[PROBLEM STATEMENT]: Quote exactly, and only, the lines of the material below from the line with "Multi-Pack Red Cross" through the line with "1、使幼儿了解3月8日是全世界劳动妇女的节日,幼儿园三八活动方案。".

[EXTRACTED ENTRIES]:

+ + + + +

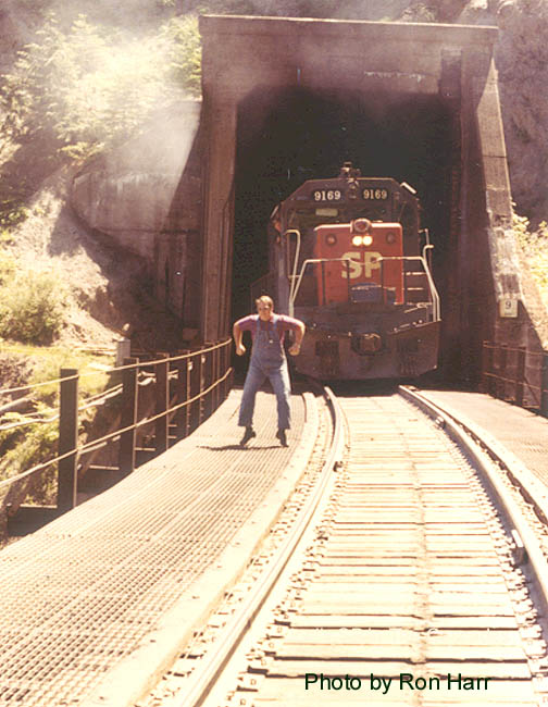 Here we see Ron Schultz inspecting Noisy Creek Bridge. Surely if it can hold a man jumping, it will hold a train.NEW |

+ + + + +

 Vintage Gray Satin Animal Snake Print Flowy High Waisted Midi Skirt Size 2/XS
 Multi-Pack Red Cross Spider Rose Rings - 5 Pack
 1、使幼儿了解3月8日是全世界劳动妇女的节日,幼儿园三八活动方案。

+ + + + +

[YOUR SOLUTION]:
 Multi-Pack Red Cross Spider Rose Rings - 5 Pack
 1、使幼儿了解3月8日是全世界劳动妇女的节日,幼儿园三八活动方案。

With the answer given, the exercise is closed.